HTLGI2012: Reverse Manichaeism

June 10, 2012

This slogan is one of singularly most stupid ones I have ever seen on a badge or a T-shirt.  Manichaeism developed in Persia and sees a conflict between the good world of light and the evil world of darkness.  It manifested itself in the Albigensian heresy which was subject to a particularly brutal crusade in its Cathar manifestation.  I've argued (as have many others) that a lot of Western, and in particular US thinking is profoundly Manichaean in nature, its a series of either/or positions in which one side is evil and the other side is good.  It can produce some craziness, think of Sadam being “good” when at war with Iran, but the “evil”.  Personally I think he was pretty nasty throughout, but under this definition good means “for us” and bad means “against us” which is especially cruel when what is for or against us can change overnight.

Now we see Manichaean approaches to science in the Middle Ages, science, astrology and sorcery were all conflated in the 16th Century for instance: think Dr Dee.  But that does not justify the reverse manichaeism implied by the badge slogan.  In effect scientism has become a competing religion for some, taking on many of its forms in particular extreme intolerance at times.  This issue had threaded through many sessions at the festival, and on this the last day it was there again.  It was a weakness of the festival that there were (with honourable exceptions like Midgely) few people thinking intelligently about the problem.  We tended to see scientists committing the straw man fallacy to apologists for religion.  In the first sessn Notes from New Gods Peter Atkins illustrated the first problem, arguing that all religious people are only motivated by a fear of divine punishment.  Science (he argued) is nobler.  Don Cupitt made the good point that if you are a protestant and loose your religion you have a mental breakdown and create a new religion, if you are a catholic you have no where to go.  My response to that is that you don't need to as catholicism properly understood is much more about community identity than individual faith, but that is an old argument and its not my fault that Luther was wrong!

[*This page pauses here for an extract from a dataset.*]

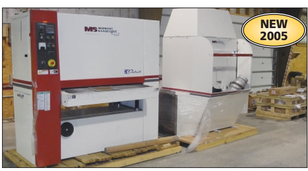
52" Midwest Sandrite Model P15275M Belt Sander
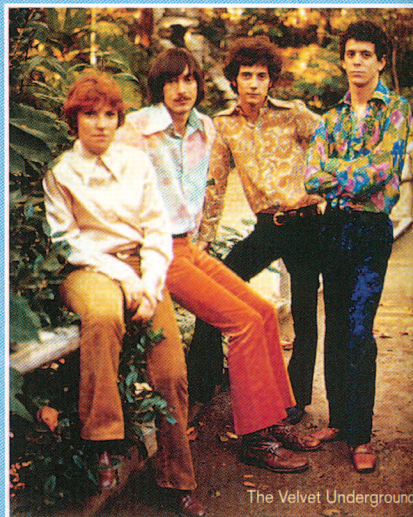
The Velvet Underground

MVD Entertainment Group continues to release numerous titles in its Under Review series. The bands getting the Under Review treatment of late include the Smiths, Radiohead, Nirvana, Joy Division, Captain Beefheart, the Rolling Stones, Syd Barrett, David Bowie and AC/DC. MAGNET checked out a handful of the titles and found that these pleasing documentaries provide a good starting point on a variety of influential bands and performers.

If I had heard Peter Atkins in that first session, I would not have booked for The Origin of Everything but it was interesting if esoteric and at time tortured in its reasoning.  The limits of Science again suffered from a poor chair and was frustrating as it touched on issues with materialism but did not really deal with them.  We really needed a good philosopher of science there but we didn't have one.  Language and Metaphor was more interesting and we had the blue labour Maurice Glasman there as a substitute for Nigel Warburton which was a loss, I had only booked that session to meet Nigel, but such is life.   In Viva la revolution Maurice was more at home and we had a really good debate on the inheritance of the French Revolution and the neglect of fraternity in modern politics.  Lots of notes below on that.  Finally we had Ian Blair, former Commissioner of the Met, disposed by Boris and generally a thoughtful and intelligent man with a very important message.  Regretably a new age happy clappy session next door attracted too many people who might have been more effective post festival if they picked up on the issues raised by Sir Ian.  I more or less agreed with everything he said, and his concerns about the current politicisation of the police in the UK.  He wrote it up for the New Statesman and his talk followed the same process so I encourage you to read it.  

New Gods

Don Cupitt,  Peter Atkins, Mark Vernon. Chair James Garvey

Mark is asked if loose something important if we abandon religion. He thinks we do but is not sure what.  Religion nurtures attention. We way we look at the world, chants, to have a sense of something more.  We reach out through the sciences, through the art and through religion.  In the US religion is associated with freedoms, ditto in the far east and china.  But we don't have it here as its more complex and ambiguous.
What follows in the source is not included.